*Brief:*
Look through the data below and output, unchanged, every line from the one holding "首先点击游戏主页面右上角的设" through the one holding "Bartın’da bir evin", inclusive. Skip the pictures.

*Dataset records:*
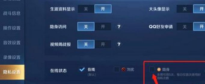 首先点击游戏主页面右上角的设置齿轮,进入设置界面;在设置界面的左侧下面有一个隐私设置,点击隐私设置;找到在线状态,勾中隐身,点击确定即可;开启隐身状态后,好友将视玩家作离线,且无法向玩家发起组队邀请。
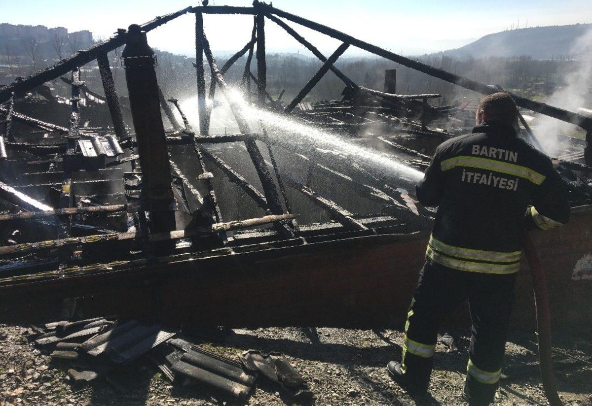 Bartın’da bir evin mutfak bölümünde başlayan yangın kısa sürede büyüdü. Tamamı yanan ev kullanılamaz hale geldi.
--
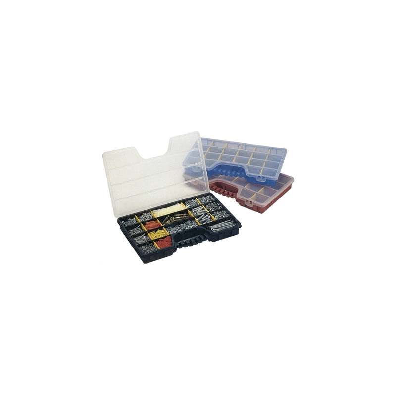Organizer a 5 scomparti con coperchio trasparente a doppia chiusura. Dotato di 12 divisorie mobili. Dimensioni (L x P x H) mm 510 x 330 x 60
* * *
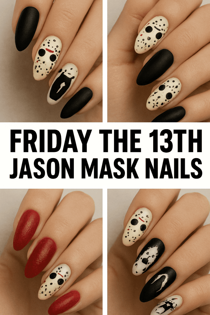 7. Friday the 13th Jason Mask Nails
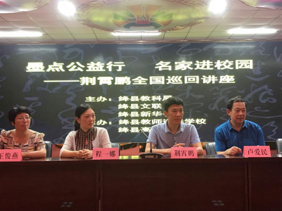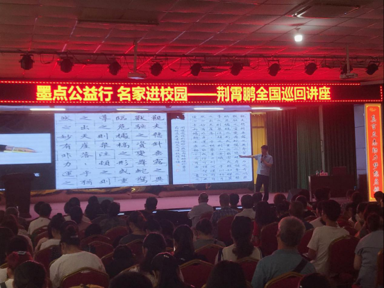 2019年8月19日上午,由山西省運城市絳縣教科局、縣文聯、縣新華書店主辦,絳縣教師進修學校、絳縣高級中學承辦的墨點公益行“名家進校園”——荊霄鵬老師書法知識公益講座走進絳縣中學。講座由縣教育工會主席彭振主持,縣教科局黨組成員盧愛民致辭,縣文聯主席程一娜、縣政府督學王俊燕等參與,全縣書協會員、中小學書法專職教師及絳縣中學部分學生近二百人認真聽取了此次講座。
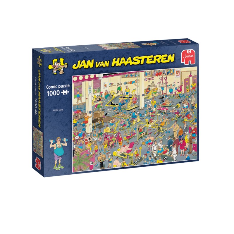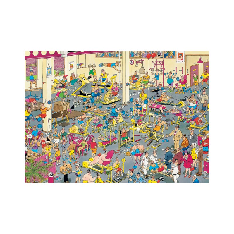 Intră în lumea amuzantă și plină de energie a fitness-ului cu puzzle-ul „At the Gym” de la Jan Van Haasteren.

*Reply to the task:*
 首先点击游戏主页面右上角的设置齿轮,进入设置界面;在设置界面的左侧下面有一个隐私设置,点击隐私设置;找到在线状态,勾中隐身,点击确定即可;开启隐身状态后,好友将视玩家作离线,且无法向玩家发起组队邀请。
 Bartın’da bir evin mutfak bölümünde başlayan yangın kısa sürede büyüdü. Tamamı yanan ev kullanılamaz hale geldi.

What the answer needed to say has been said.